NVIDIA Dynamo is an open-source inference stack for serving large language and multimodal models across many GPUs and nodes. It sits above existing inference engines rather than replacing them: it turns vLLM, SGLang, or TensorRT-LLM into a coordinated multi-node system. The core is written in Rust for performance, with a Python layer for extensibility.

It is built for teams that already run a single engine well but need to scale out. Dynamo adds disaggregated serving (separating the prefill and decode phases onto independently scalable GPU pools), KV-aware routing to avoid recomputing prefill, multi-tier KV caching, and an autoscaler that aims to meet latency targets at lower total cost.

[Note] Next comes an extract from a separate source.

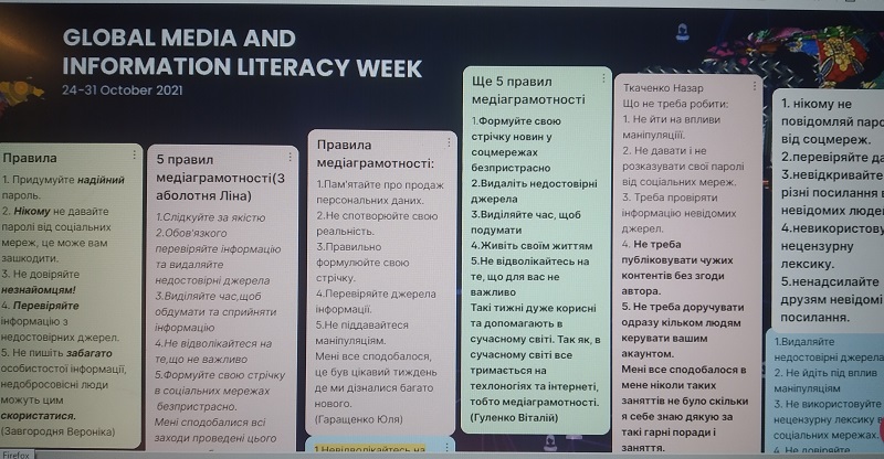що мав на меті допомогти учасникам протягом тижня сформувати медіаграмотні звички, що стануть частиною їхнього життя; онлайн-урок на тему: «Віртуальний та реальний світи: чи є межа?»; медіаграмотне чаювання для ліцейного активу «Блогери та соціальні мережі»; церемонія відкриття національного конкурсу для школярів «Репортер»; конкурс із написання есе на тему: “Я маю право на власну думку, але я не маю права на свої факти”. Кращі роботи підготували: Бурлака Назарій, Завгородня Вероніка, Заболотна Ліна – учні 9 класу та Дудник Інна й Крись Юлія – учениці 10-Б класу.
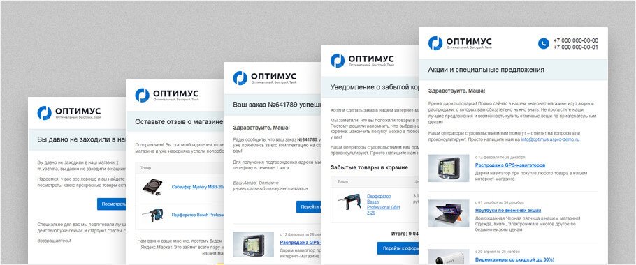 Correctly composed email conversations increase conversions by up to 30%. Thanks to the functionality of 1C-Bitrix, they can be launched in a couple of clicks, and new letter templates from Aspro will allow you not to think about design and layout.

As a high-throughput serving layer, Dynamo targets datacenter and Kubernetes deployments. If you are running a single model on a single GPU, the project notes that your inference engine alone is usually enough; Dynamo earns its keep once coordination across GPUs becomes the bottleneck.

What it does

  • Disaggregated prefill/decode: separates the two phases into independently scalable GPU pools so each runs on hardware tuned for its workload
  • KV-aware routing: routes requests by worker load and KV cache overlap to skip redundant prefill computation
  • KV Block Manager (KVBM): offloads KV cache across GPU, CPU, SSD, and remote storage to extend effective context length
  • SLA-based Planner: an autoscaler that profiles workloads and right-sizes GPU pools to hit latency targets at lower TCO
  • Works as an orchestration layer over SGLang, TensorRT-LLM, and vLLM rather than replacing them
  • Fault tolerance with health checks and in-flight request migration so failed workers don't drop user requests

Getting started

Install Dynamo with the extra for your chosen backend, then run the OpenAI-compatible frontend alongside a worker. This example uses the SGLang backend with a small model.

Install Dynamo

Install the package with the backend extra you want. Use [sglang] or [vllm]; for TensorRT-LLM follow the repo's pip instructions with the NVIDIA extra index.

bashbash
uv pip install --prerelease=allow "ai-dynamo[sglang]"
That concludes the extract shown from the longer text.